Only the stretch of the listing below that runs from the line with "আনন্দের বিখ্যাত টেনিস-দাদা" through the line with "ДЕЛЮКС: гербера розовая" is to be printed, exactly and with both ends.

[Supplied information Boundary: Start]

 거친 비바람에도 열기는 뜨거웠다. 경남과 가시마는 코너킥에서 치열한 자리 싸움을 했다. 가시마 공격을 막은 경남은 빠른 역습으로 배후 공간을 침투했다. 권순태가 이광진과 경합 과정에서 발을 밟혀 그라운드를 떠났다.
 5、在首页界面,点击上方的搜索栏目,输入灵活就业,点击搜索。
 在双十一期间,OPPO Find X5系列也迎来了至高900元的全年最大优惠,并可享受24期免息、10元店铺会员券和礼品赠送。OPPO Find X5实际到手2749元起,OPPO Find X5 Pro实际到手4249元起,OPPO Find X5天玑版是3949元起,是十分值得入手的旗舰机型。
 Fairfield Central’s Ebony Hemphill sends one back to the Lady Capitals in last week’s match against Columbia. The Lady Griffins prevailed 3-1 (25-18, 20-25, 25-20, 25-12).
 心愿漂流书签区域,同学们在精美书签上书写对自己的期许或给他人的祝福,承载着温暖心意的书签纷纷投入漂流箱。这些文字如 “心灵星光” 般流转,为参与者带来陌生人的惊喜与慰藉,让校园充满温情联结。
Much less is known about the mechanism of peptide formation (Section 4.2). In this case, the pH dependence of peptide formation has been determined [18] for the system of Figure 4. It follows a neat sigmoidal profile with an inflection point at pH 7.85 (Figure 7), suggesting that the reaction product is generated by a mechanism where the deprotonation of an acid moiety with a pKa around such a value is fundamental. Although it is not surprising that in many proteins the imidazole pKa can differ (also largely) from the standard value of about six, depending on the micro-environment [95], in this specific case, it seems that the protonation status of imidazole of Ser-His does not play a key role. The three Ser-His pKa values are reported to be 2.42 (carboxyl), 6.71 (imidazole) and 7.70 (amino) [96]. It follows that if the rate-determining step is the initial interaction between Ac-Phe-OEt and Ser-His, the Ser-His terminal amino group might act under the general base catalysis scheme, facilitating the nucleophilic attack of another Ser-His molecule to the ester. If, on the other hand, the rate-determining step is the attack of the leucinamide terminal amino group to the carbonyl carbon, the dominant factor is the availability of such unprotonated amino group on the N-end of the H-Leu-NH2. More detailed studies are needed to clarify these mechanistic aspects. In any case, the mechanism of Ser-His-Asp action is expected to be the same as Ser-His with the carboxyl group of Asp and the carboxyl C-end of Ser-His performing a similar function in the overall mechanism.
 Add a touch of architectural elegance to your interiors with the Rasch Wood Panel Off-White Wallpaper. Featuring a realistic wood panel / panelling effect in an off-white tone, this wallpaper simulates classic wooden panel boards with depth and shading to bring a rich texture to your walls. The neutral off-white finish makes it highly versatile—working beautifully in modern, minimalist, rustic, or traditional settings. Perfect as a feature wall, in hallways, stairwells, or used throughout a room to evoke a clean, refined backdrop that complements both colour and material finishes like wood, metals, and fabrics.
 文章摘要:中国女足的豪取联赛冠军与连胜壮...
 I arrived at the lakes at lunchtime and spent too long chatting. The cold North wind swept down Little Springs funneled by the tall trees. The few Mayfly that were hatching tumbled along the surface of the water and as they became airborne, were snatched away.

[Supplied information Boundary: End]
[Supplied information Boundary: Start]

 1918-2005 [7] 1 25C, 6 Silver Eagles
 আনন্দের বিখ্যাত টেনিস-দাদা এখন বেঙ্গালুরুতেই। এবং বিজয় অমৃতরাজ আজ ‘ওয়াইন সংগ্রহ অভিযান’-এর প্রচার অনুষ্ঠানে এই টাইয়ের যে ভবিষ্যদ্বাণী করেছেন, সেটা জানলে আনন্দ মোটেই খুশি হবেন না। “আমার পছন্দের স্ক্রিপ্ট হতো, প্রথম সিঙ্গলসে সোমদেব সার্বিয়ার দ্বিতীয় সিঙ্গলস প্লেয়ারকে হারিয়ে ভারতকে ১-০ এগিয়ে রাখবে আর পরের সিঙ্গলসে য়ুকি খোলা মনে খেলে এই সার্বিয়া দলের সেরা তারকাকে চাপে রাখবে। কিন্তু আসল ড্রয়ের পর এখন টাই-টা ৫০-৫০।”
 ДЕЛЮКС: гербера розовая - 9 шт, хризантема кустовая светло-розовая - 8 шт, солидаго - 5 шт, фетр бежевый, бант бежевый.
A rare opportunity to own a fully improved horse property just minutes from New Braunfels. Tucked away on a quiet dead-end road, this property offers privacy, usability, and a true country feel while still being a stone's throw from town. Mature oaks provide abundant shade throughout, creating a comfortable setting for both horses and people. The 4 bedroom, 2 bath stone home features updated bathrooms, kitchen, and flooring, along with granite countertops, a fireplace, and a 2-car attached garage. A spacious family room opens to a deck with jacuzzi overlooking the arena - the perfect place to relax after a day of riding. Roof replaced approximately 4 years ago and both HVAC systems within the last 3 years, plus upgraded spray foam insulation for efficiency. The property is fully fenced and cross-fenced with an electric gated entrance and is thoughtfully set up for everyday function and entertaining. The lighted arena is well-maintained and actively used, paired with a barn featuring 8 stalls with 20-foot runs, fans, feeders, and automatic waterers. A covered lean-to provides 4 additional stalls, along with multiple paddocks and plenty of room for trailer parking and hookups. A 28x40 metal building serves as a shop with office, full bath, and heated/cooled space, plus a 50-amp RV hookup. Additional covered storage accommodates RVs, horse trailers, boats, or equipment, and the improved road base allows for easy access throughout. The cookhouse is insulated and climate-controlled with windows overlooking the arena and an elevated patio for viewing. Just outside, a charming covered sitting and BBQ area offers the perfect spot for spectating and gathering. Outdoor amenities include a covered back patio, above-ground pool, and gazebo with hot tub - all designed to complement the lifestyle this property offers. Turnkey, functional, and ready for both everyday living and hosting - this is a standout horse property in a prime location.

[Supplied information Boundary: End]

Answer box ->
 আনন্দের বিখ্যাত টেনিস-দাদা এখন বেঙ্গালুরুতেই। এবং বিজয় অমৃতরাজ আজ ‘ওয়াইন সংগ্রহ অভিযান’-এর প্রচার অনুষ্ঠানে এই টাইয়ের যে ভবিষ্যদ্বাণী করেছেন, সেটা জানলে আনন্দ মোটেই খুশি হবেন না। “আমার পছন্দের স্ক্রিপ্ট হতো, প্রথম সিঙ্গলসে সোমদেব সার্বিয়ার দ্বিতীয় সিঙ্গলস প্লেয়ারকে হারিয়ে ভারতকে ১-০ এগিয়ে রাখবে আর পরের সিঙ্গলসে য়ুকি খোলা মনে খেলে এই সার্বিয়া দলের সেরা তারকাকে চাপে রাখবে। কিন্তু আসল ড্রয়ের পর এখন টাই-টা ৫০-৫০।”
 ДЕЛЮКС: гербера розовая - 9 шт, хризантема кустовая светло-розовая - 8 шт, солидаго - 5 шт, фетр бежевый, бант бежевый.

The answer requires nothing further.